§ Stored data:
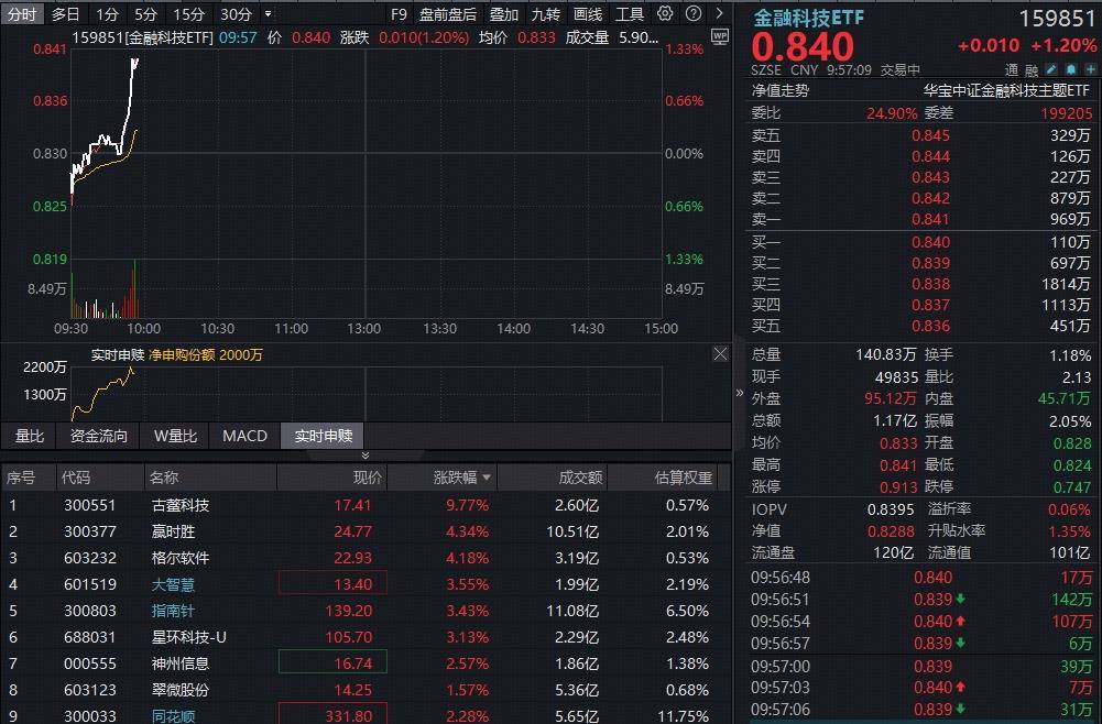 26日早盘,大盘八连阳冲击4000点之际,金融科技明显异动拉升。其中,古鳌科技领涨超7%,赢时胜、格尔软件、大智慧等涨超4%,指南针、神州信息、同花顺等多股涨超2%。热门ETF方面,同类规模最大、流动性最佳的金融科技ETF(159851)场内快速上扬逾1%,冲击三连阳,资金实时净申购2000万份。
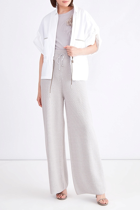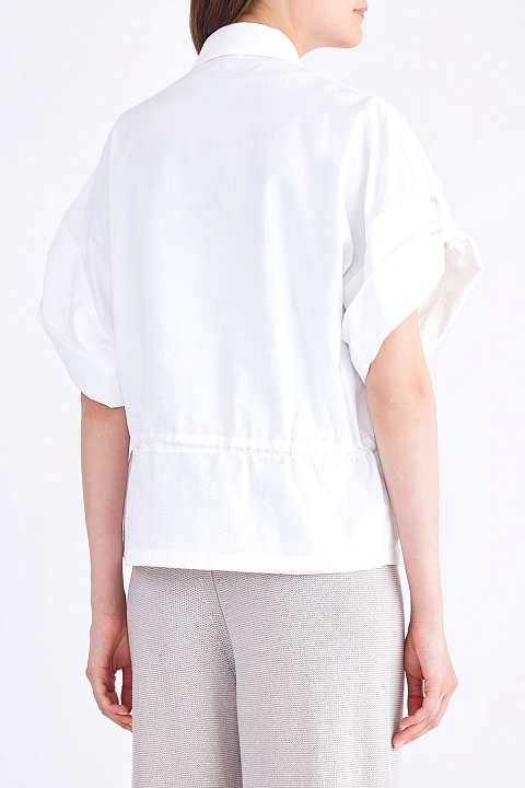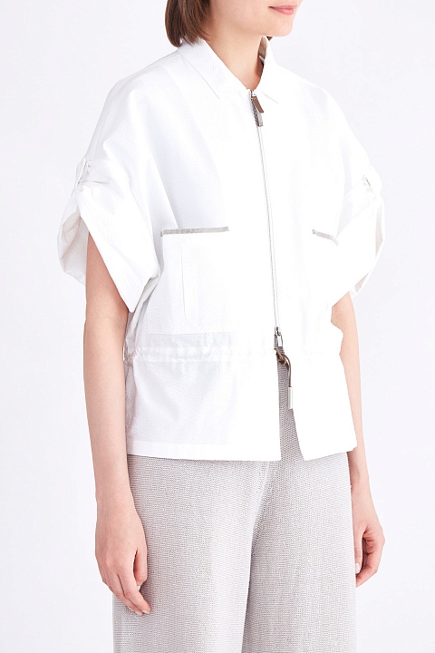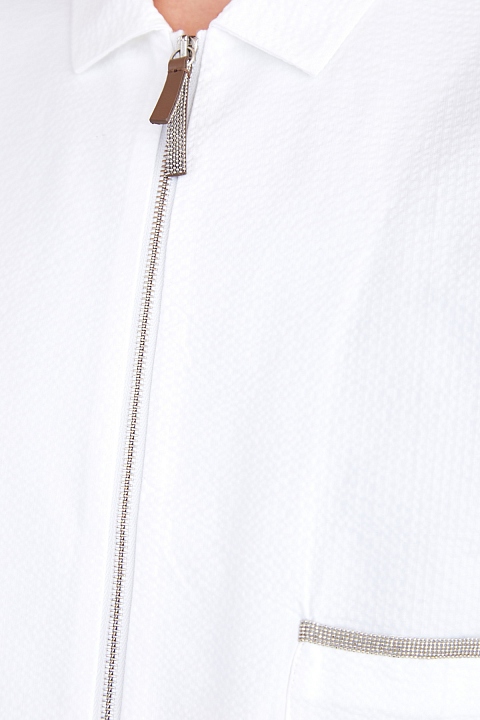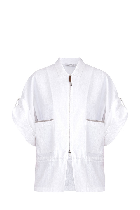 Ветровка Fabiana Filippi выполнена из легкого эластичного хлопка белоснежного тона с фактурным рифлением. Модель в присущим бренду расслабленном стиле дополнена широкими рукавами с объемными отворотами и застежкой-молнией. Накладные карманы декорированы фирменными круглыми бусинами и перекликаются с отделкой пулера молнии. Линия талии подчеркнута потайной кулиской с тонким кожаным шнуром внутри. Сделано в Италии.
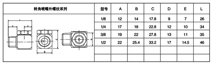 AA/A系列金属喷嘴的特点是能产生空心锥形喷雾形状,喷射区域成环形,喷雾角度为51°-114°。该类喷嘴能在大范围的流率和压力下产生分布均匀,液滴大小为小到中等的喷雾。即使是在低压条件下,AA/A系列金属喷嘴亦能对液体进行良好的雾化应用及产生良好效果。对于要求快速热交换或要求有效的空悬液滴的冲击应用中,这种效果尤其明显。AA/A系列金属喷嘴具有独特的旋流腔结构,其大而通畅的流通道,能减少或消除阻塞现象。AA系列金属喷嘴为外螺纹接头,A系列金属喷嘴为内螺纹接头。
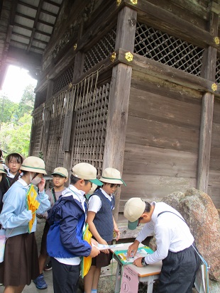 子どもたちは三井寺、長等商店街、長等市民センターの3か所を回り、
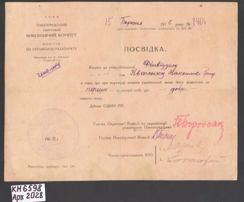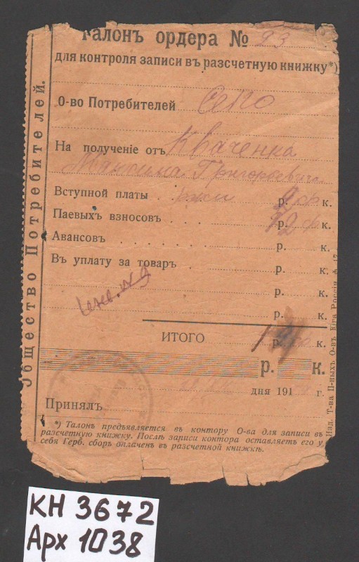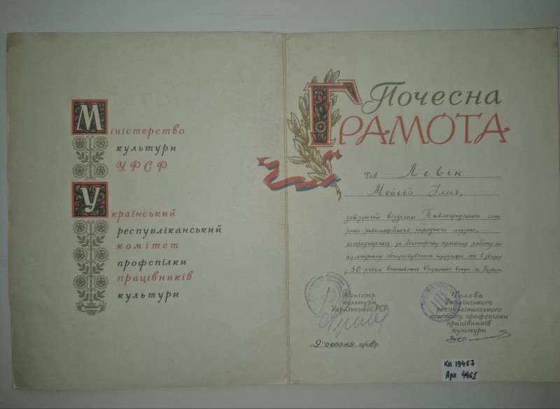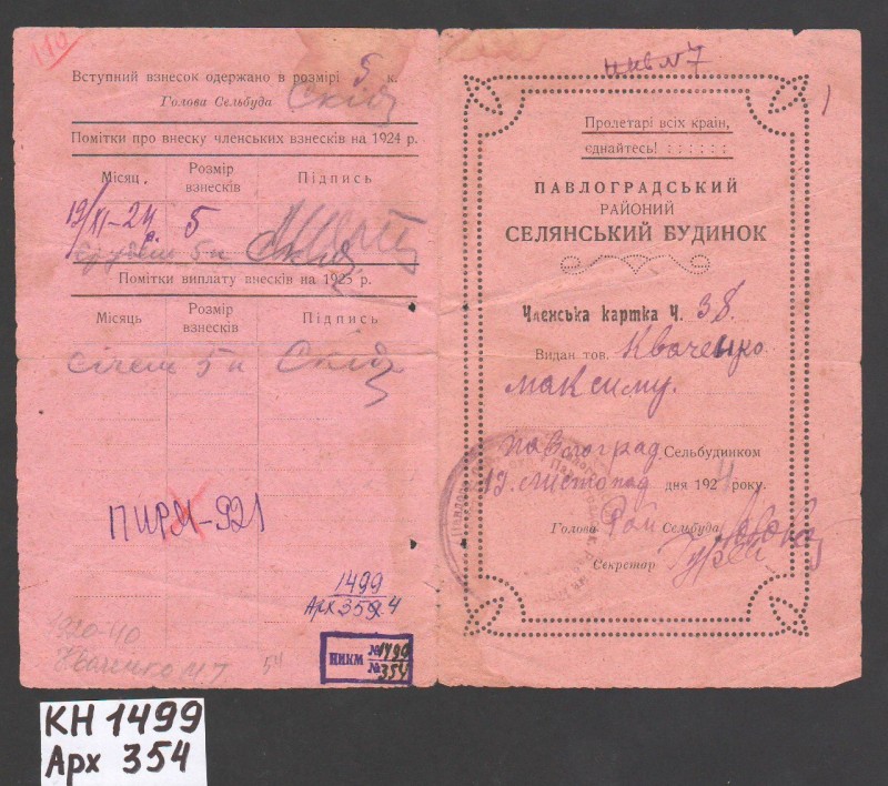 Акт про приймання виправдувальних документів грошового характеру від головного бухгалтера Павлоградської райконтори Петра Степановича Горбаша
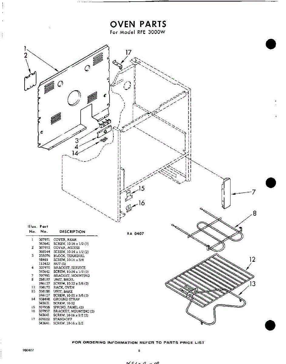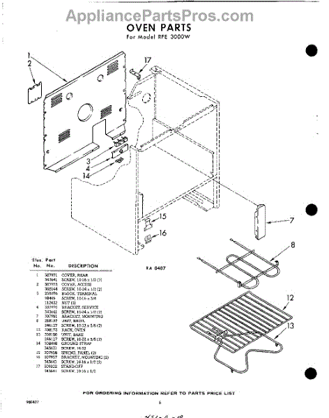 Parts for RFE3000W
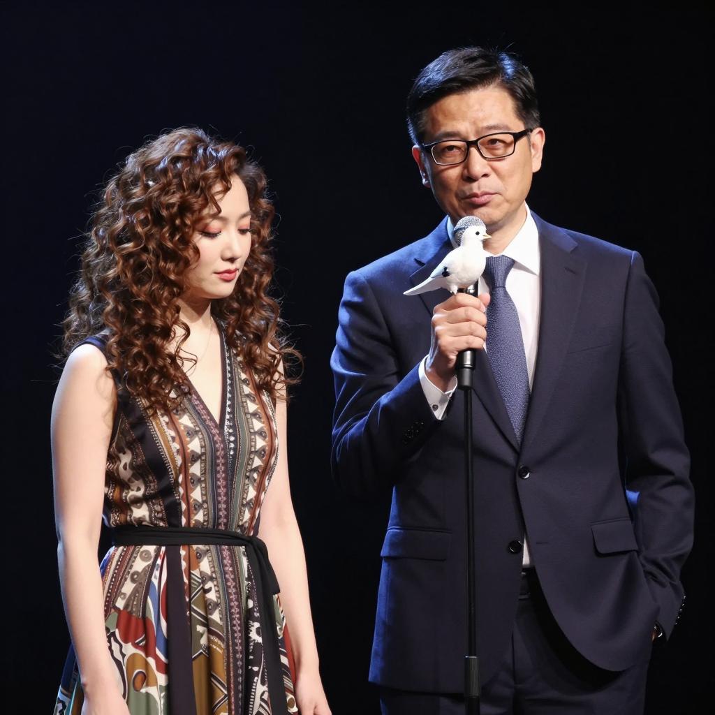 Man in dark suit and glasses holding a microphone with a white bird, standing next to a woman with curly brown hair in a sleeveless, patterned dress. Dark background, stage lighting, microphone stand. Man looks focused, woman looks down.

§ Required action:
Write out exactly the lines from the one containing "Акт про приймання" through the end of the entries, both included. Pictures are not copied.

§ Written answer:
 Акт про приймання виправдувальних документів грошового характеру від головного бухгалтера Павлоградської райконтори Петра Степановича Горбаша
 Parts for RFE3000W
 Man in dark suit and glasses holding a microphone with a white bird, standing next to a woman with curly brown hair in a sleeveless, patterned dress. Dark background, stage lighting, microphone stand. Man looks focused, woman looks down.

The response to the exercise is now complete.